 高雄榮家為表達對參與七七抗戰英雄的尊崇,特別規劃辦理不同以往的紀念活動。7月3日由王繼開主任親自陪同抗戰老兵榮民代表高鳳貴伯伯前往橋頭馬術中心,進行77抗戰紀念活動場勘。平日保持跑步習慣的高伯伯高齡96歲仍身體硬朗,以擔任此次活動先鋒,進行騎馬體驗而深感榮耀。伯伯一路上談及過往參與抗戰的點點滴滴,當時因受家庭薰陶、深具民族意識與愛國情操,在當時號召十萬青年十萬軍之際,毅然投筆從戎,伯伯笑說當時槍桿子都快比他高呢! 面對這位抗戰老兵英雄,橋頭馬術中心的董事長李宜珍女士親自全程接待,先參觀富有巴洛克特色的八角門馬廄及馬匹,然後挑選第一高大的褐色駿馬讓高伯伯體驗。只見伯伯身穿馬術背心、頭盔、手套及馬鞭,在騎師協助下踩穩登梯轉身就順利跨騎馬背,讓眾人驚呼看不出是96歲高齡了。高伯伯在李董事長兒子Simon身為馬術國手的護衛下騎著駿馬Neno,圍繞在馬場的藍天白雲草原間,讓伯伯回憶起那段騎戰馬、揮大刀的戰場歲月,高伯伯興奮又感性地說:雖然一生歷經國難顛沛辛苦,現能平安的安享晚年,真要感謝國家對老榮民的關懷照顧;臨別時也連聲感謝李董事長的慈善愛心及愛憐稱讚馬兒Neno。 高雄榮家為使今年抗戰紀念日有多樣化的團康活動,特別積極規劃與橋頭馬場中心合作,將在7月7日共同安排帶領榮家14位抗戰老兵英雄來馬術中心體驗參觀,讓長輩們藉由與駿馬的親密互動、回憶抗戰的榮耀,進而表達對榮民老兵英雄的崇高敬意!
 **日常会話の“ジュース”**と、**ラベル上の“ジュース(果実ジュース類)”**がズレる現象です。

============================================================

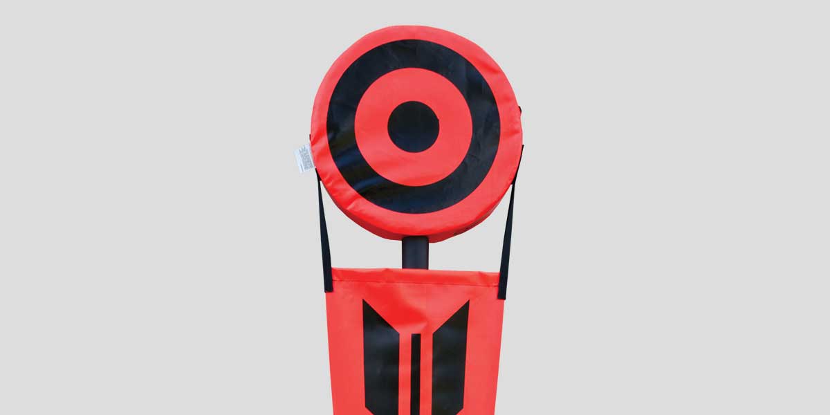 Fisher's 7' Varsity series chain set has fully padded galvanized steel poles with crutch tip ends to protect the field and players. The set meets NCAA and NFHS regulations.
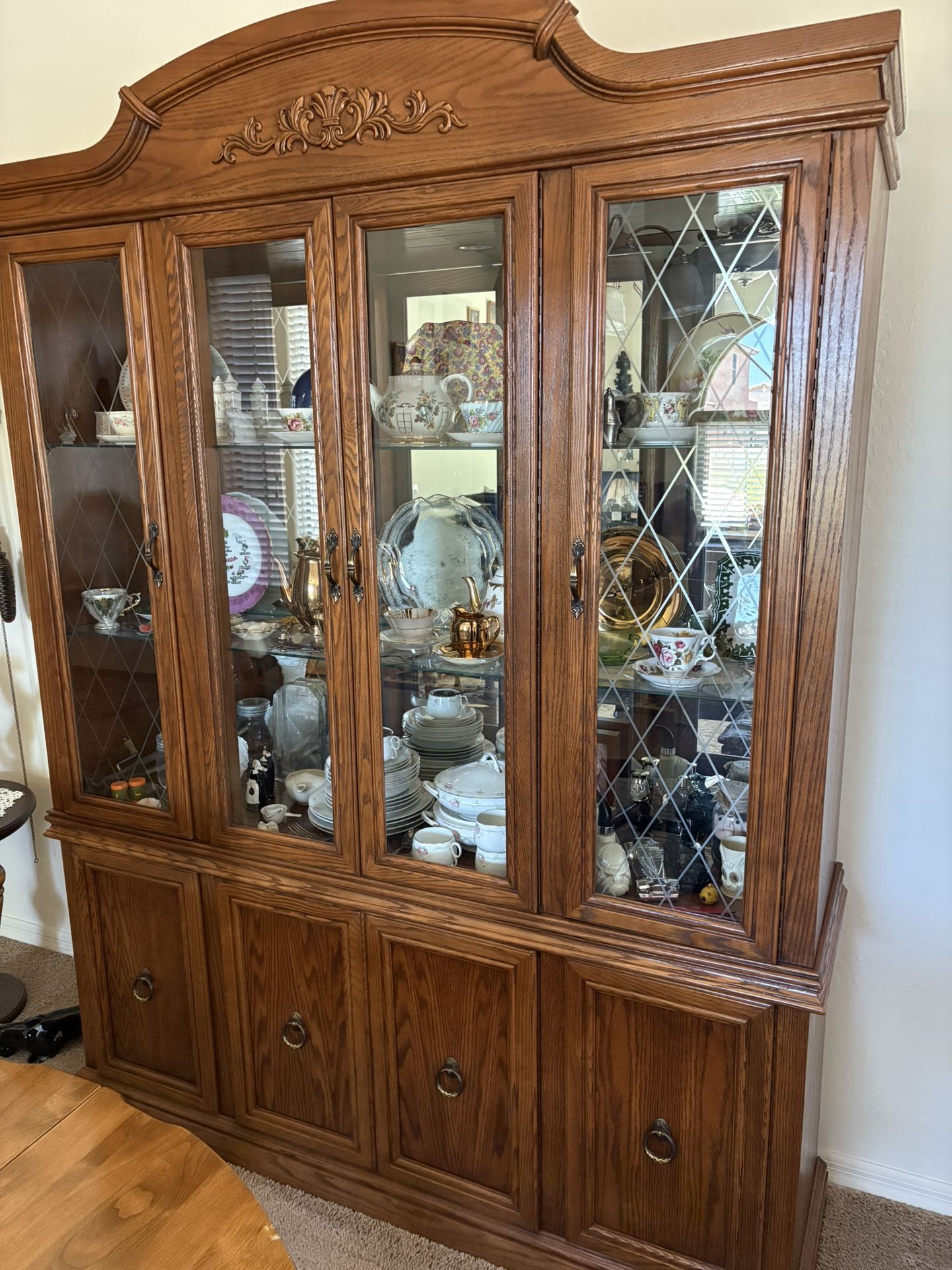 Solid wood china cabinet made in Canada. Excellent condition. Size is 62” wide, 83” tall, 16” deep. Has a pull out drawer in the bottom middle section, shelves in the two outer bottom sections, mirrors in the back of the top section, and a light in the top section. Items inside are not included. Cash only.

============================================================

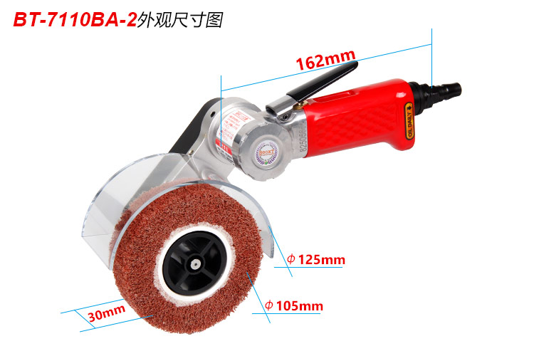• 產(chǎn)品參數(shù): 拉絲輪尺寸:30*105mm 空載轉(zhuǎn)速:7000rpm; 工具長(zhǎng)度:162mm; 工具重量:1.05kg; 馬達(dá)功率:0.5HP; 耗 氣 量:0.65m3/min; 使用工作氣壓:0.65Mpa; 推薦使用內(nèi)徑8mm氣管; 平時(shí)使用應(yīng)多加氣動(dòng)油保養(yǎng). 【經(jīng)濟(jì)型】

============================================================

### Exercise description
Looking above, find the stretch of lines that opens with the one holding "Fisher's 7' Varsity" and closes with the one holding "Solid wood china". Copy it exactly, pictures excluded.

### Result
 Fisher's 7' Varsity series chain set has fully padded galvanized steel poles with crutch tip ends to protect the field and players. The set meets NCAA and NFHS regulations.
 Solid wood china cabinet made in Canada. Excellent condition. Size is 62” wide, 83” tall, 16” deep. Has a pull out drawer in the bottom middle section, shelves in the two outer bottom sections, mirrors in the back of the top section, and a light in the top section. Items inside are not included. Cash only.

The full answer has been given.